▶ _Supplied records_
————

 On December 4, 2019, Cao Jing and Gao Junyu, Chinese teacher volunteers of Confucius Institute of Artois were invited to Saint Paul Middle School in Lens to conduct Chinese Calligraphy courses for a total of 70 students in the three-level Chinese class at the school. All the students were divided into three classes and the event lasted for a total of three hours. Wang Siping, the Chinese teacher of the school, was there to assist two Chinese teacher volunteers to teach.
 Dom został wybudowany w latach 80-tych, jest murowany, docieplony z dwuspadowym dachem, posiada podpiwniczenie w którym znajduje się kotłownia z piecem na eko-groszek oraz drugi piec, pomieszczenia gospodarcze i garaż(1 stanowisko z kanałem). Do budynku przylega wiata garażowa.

————

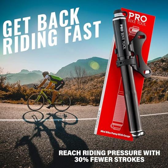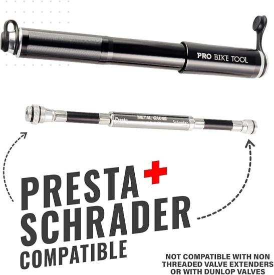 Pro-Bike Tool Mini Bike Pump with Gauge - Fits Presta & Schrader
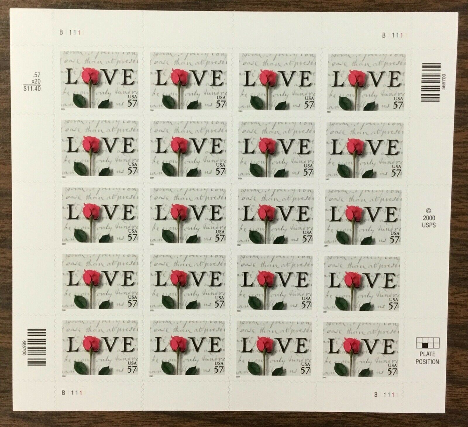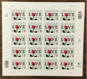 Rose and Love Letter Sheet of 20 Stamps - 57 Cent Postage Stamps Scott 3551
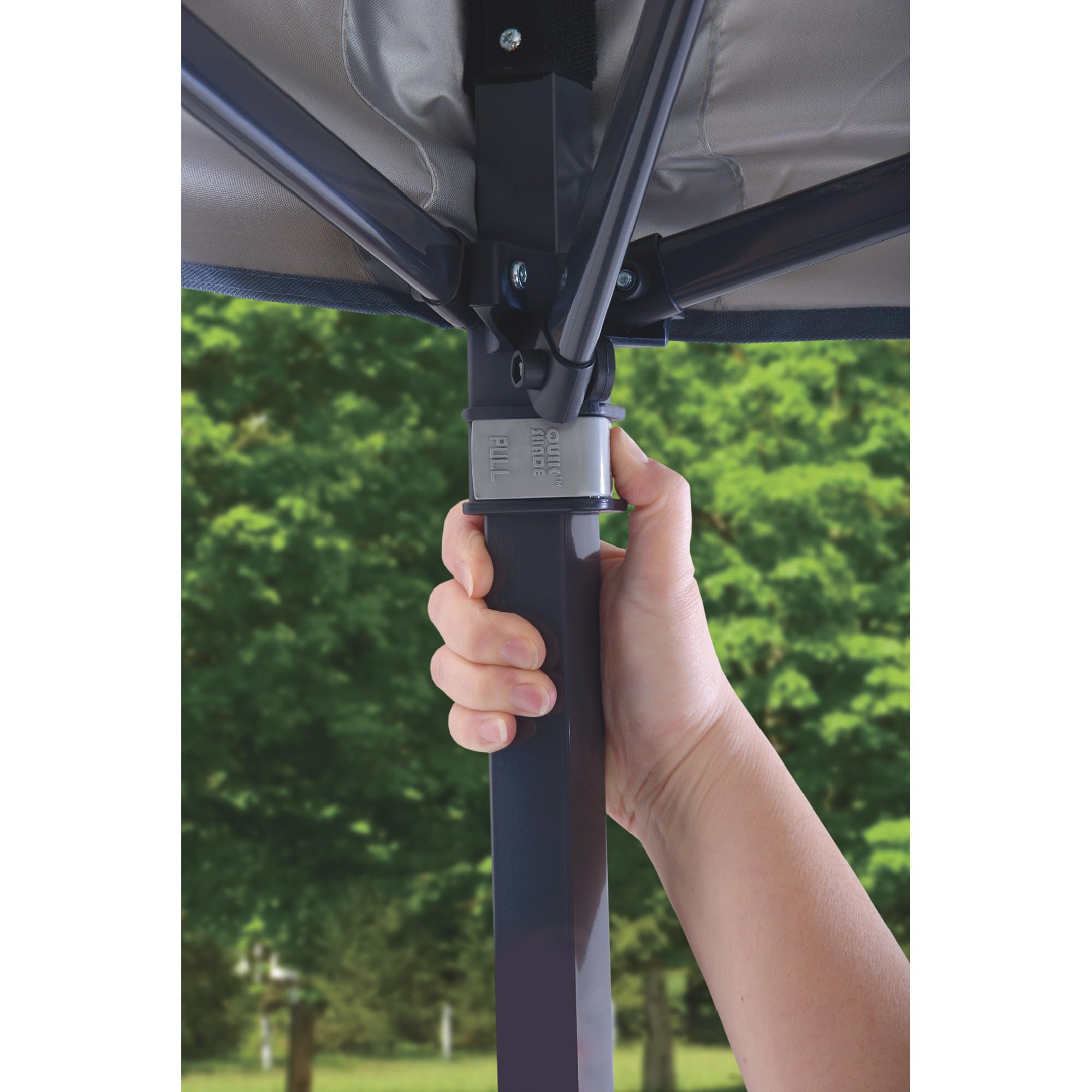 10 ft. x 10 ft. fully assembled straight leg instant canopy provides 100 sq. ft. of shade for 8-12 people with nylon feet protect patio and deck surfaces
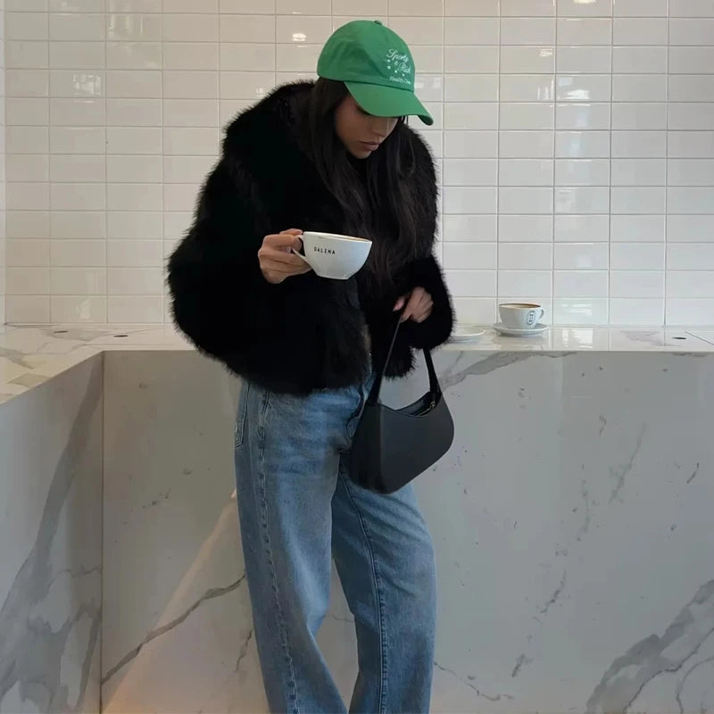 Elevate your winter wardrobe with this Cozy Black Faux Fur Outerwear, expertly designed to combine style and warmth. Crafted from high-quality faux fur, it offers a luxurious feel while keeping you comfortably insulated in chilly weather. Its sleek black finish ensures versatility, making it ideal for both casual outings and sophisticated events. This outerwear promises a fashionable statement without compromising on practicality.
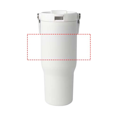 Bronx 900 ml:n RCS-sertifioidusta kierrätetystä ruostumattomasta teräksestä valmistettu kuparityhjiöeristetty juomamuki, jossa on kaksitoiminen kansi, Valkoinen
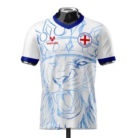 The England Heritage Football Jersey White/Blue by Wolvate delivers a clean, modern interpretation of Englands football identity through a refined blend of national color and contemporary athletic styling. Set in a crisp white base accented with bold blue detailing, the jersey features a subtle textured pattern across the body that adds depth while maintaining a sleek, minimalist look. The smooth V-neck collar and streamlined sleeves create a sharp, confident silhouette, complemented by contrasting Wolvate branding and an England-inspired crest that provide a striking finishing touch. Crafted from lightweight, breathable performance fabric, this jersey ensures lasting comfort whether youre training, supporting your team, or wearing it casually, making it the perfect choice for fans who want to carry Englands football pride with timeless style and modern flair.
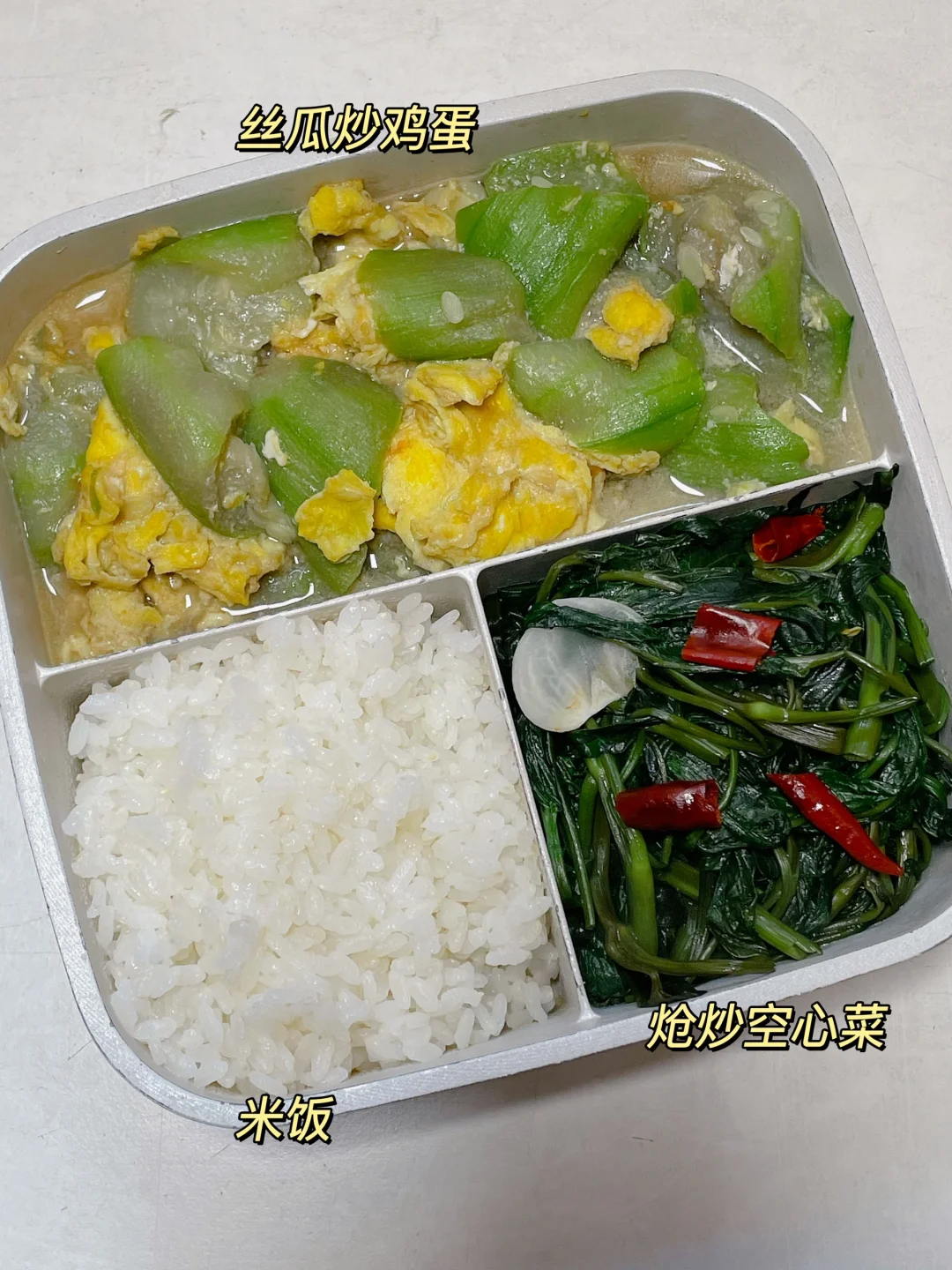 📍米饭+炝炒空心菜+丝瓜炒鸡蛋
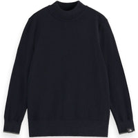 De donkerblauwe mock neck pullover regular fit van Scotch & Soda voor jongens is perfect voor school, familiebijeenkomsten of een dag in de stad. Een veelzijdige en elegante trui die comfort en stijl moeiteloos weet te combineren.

————

▶ _Work required_
Word for word, restate the lines of the data above that fall between the line holding "On December 4, 2019, Cao" and the line holding "Dom został wybudowany", inclusive, and no other lines.

▶ _Final answer_
 On December 4, 2019, Cao Jing and Gao Junyu, Chinese teacher volunteers of Confucius Institute of Artois were invited to Saint Paul Middle School in Lens to conduct Chinese Calligraphy courses for a total of 70 students in the three-level Chinese class at the school. All the students were divided into three classes and the event lasted for a total of three hours. Wang Siping, the Chinese teacher of the school, was there to assist two Chinese teacher volunteers to teach.
 Dom został wybudowany w latach 80-tych, jest murowany, docieplony z dwuspadowym dachem, posiada podpiwniczenie w którym znajduje się kotłownia z piecem na eko-groszek oraz drugi piec, pomieszczenia gospodarcze i garaż(1 stanowisko z kanałem). Do budynku przylega wiata garażowa.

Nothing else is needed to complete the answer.